Collection entries:

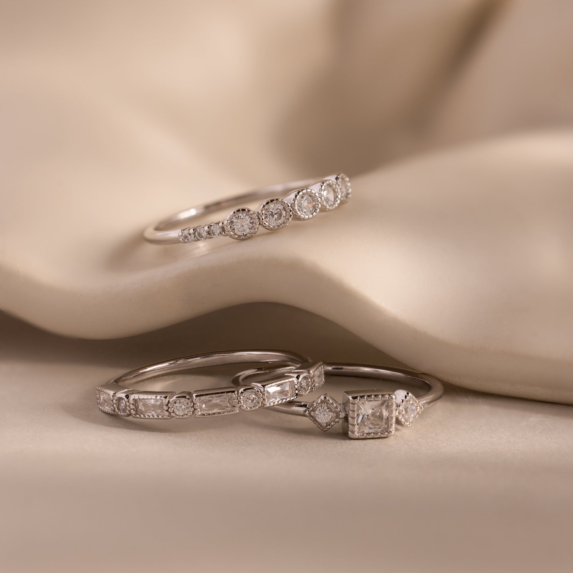 Introducing our Art Deco Diamond Ring Set, the perfect blend of sparkle and timeless charm. Inspired by the elegance of the Art Deco era, these rings are a must have for anyone looking to add a touch of vintage glamour and brilliance to their style.
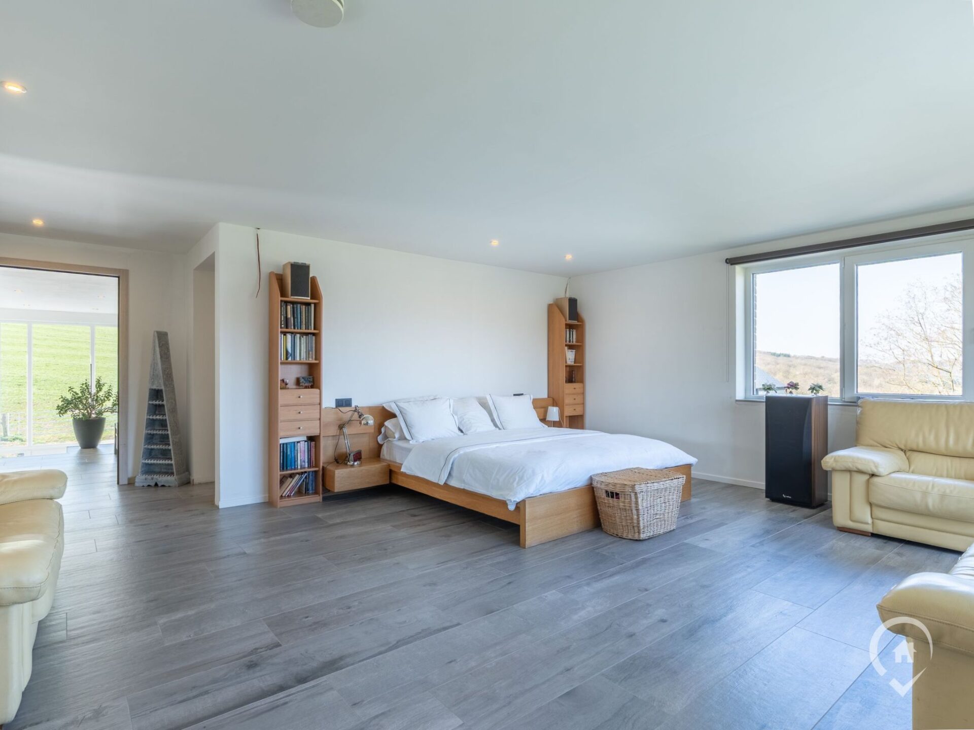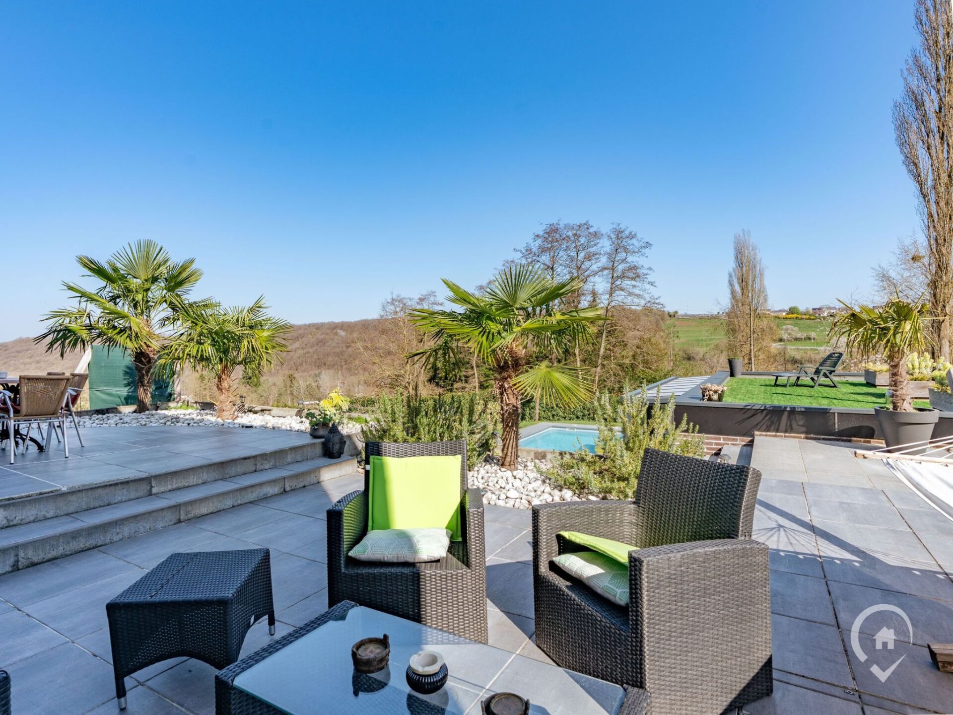 SOUS OPTION !!! Vos Agences Immo A.H.T. vous présente cette magnifique villa de 260 m² habitables parfaitement située à Dave, sur le dessus de Namur. Ce bien exclusif mets à votre disposition de nombreux atouts : des caves de 140 m² sous toute la superficie, une magnifique piscine avec son pool house équipé, 3 chambres, 3 salles de bains, dressing, un garage de 27 m², de nombreuses places de parking et plusieurs terrasses. Ce bien d’exception est également autonome d’un point de vue consommation d’électricité et dispose d’un PEB B. Vous disposez également d’un chauffage par le sol intégral sur les deux niveaux de vie. Ce bien conviendra également parfaitement aux personnes souhaitant exercer une profession libérale via l’accès donnant aux caves aménageables.
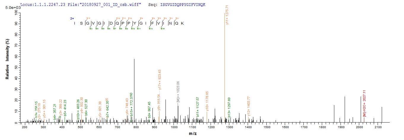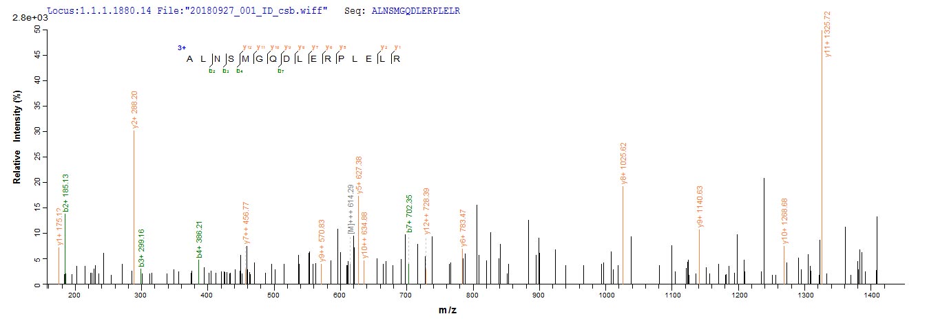 Based on the SEQUEST from database of E.coli host and target protein, the LC-MS/MS Analysis result of CSB-CF861938HUb3 could indicate that this peptide derived from E.coli-expressed Homo sapiens(Human) DSG1.
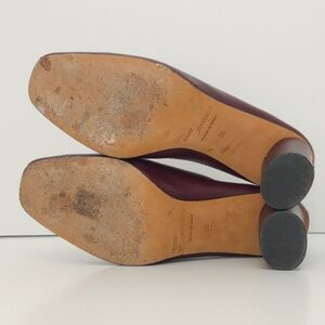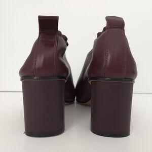 Super soft burgundy Italian leather. Ballet elastic and tab back. Matte plastic block high heel.
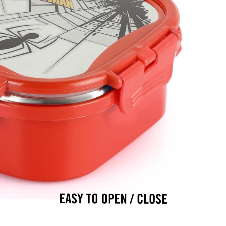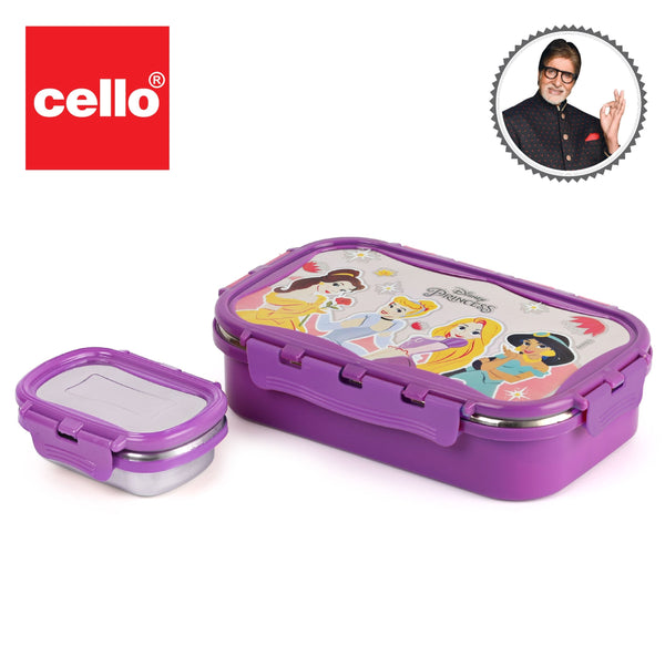 Introducing the Cello Kidzbee Thermo Click Toons Insulated Lunch Box – a dynamic mealtime companion for kids! A compact lunch box with kiddie prints, durable stainless steel material, and vivid colours that is perfect for school, picnics, and camping. The lightweight design fits easily in backpacks, while side locks and an airtight lid keep food fresh and secure. Inside, a leakproof steel container accommodates gravies and snacks. Stylish, functional, and safe, the Cello Kidzbee Thermo Click Toons Lunch Box comes in Red, Blue, Pink and Violet with Disney Princesses and Spiderman making lunchtime exciting for every child.
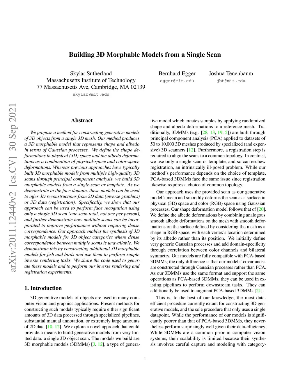 We propose a method for constructing generative models of 3D objects from a single 3D mesh. Our method produces a 3D morphable model that represents shape and albedo in terms of Gaussian processes. We define the shape deformations in physical (3D) space and the albedo deformations as a combination of physical-space and color-space deformations. Whereas previous approaches have typically built 3D morphable models from multiple high-quality 3D scans through principal component analysis, we build 3D morphable models from a single scan or template. As we demonstrate in the face domain, these models can be used to infer 3D reconstructions from 2D data (inverse graphics) or 3D data (registration). Specifically, we show that our approach can be used to perform face recognition using only a single 3D scan (one scan total, not one per person), and further demonstrate how multiple scans can be incorporated to improve performance without requiring dense correspondence. Our approach enables the synthesis of 3D morphable models for 3D object categories where dense correspondence between multiple scans is unavailable. We demonstrate this by constructing additional 3D morphable models for fish and birds and use them to perform simple inverse rendering tasks. We share the code used to generate these models and to perform our inverse rendering and registration experiments.
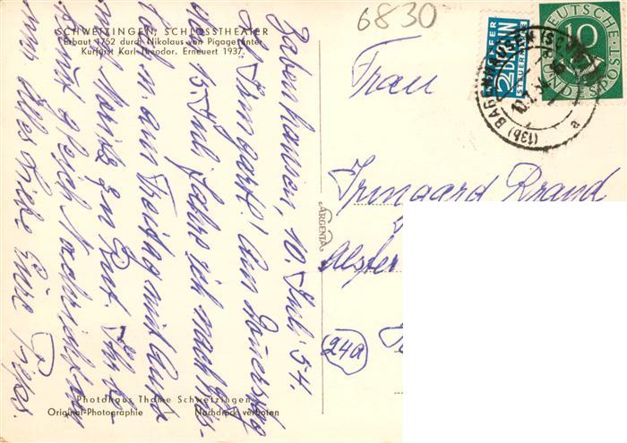 73914346 alte Postkarte Schwetzingen Schlosstheater postalisch gelaufen Erhaltung siehe scans [FriedD77] KatCode: 11110008226084
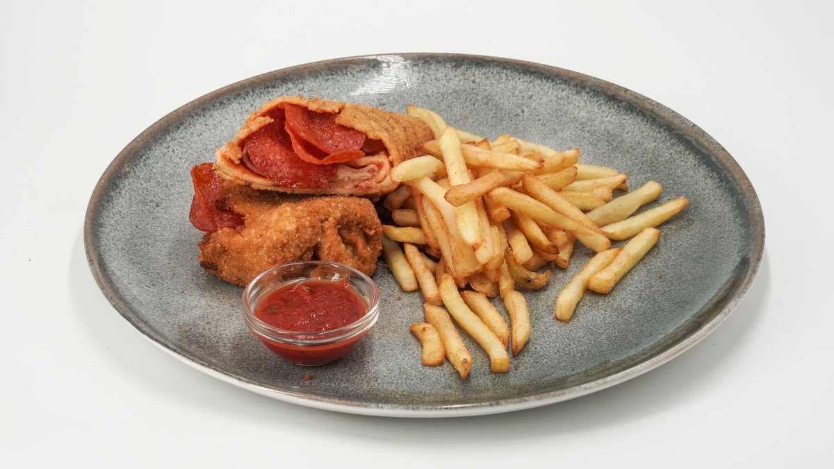 Kačkavalj, burger sos, pomfrit, krastaac, paradajz salata
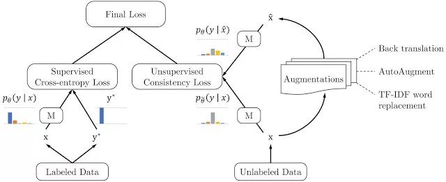 而对于未标记的数据,则应用一致性训练来强制预测未标记的示例和增强的未标记示例是否相似,如下图的右侧部分所示。

The problem: Each record has to be set down verbatim, and the pictures must not appear in the copy.

Reply to the task:
 Introducing our Art Deco Diamond Ring Set, the perfect blend of sparkle and timeless charm. Inspired by the elegance of the Art Deco era, these rings are a must have for anyone looking to add a touch of vintage glamour and brilliance to their style.
 SOUS OPTION !!! Vos Agences Immo A.H.T. vous présente cette magnifique villa de 260 m² habitables parfaitement située à Dave, sur le dessus de Namur. Ce bien exclusif mets à votre disposition de nombreux atouts : des caves de 140 m² sous toute la superficie, une magnifique piscine avec son pool house équipé, 3 chambres, 3 salles de bains, dressing, un garage de 27 m², de nombreuses places de parking et plusieurs terrasses. Ce bien d’exception est également autonome d’un point de vue consommation d’électricité et dispose d’un PEB B. Vous disposez également d’un chauffage par le sol intégral sur les deux niveaux de vie. Ce bien conviendra également parfaitement aux personnes souhaitant exercer une profession libérale via l’accès donnant aux caves aménageables.
 Based on the SEQUEST from database of E.coli host and target protein, the LC-MS/MS Analysis result of CSB-CF861938HUb3 could indicate that this peptide derived from E.coli-expressed Homo sapiens(Human) DSG1.
 Super soft burgundy Italian leather. Ballet elastic and tab back. Matte plastic block high heel.
 Introducing the Cello Kidzbee Thermo Click Toons Insulated Lunch Box – a dynamic mealtime companion for kids! A compact lunch box with kiddie prints, durable stainless steel material, and vivid colours that is perfect for school, picnics, and camping. The lightweight design fits easily in backpacks, while side locks and an airtight lid keep food fresh and secure. Inside, a leakproof steel container accommodates gravies and snacks. Stylish, functional, and safe, the Cello Kidzbee Thermo Click Toons Lunch Box comes in Red, Blue, Pink and Violet with Disney Princesses and Spiderman making lunchtime exciting for every child.
 We propose a method for constructing generative models of 3D objects from a single 3D mesh. Our method produces a 3D morphable model that represents shape and albedo in terms of Gaussian processes. We define the shape deformations in physical (3D) space and the albedo deformations as a combination of physical-space and color-space deformations. Whereas previous approaches have typically built 3D morphable models from multiple high-quality 3D scans through principal component analysis, we build 3D morphable models from a single scan or template. As we demonstrate in the face domain, these models can be used to infer 3D reconstructions from 2D data (inverse graphics) or 3D data (registration). Specifically, we show that our approach can be used to perform face recognition using only a single 3D scan (one scan total, not one per person), and further demonstrate how multiple scans can be incorporated to improve performance without requiring dense correspondence. Our approach enables the synthesis of 3D morphable models for 3D object categories where dense correspondence between multiple scans is unavailable. We demonstrate this by constructing additional 3D morphable models for fish and birds and use them to perform simple inverse rendering tasks. We share the code used to generate these models and to perform our inverse rendering and registration experiments.
 73914346 alte Postkarte Schwetzingen Schlosstheater postalisch gelaufen Erhaltung siehe scans [FriedD77] KatCode: 11110008226084
 Kačkavalj, burger sos, pomfrit, krastaac, paradajz salata
 而对于未标记的数据,则应用一致性训练来强制预测未标记的示例和增强的未标记示例是否相似,如下图的右侧部分所示。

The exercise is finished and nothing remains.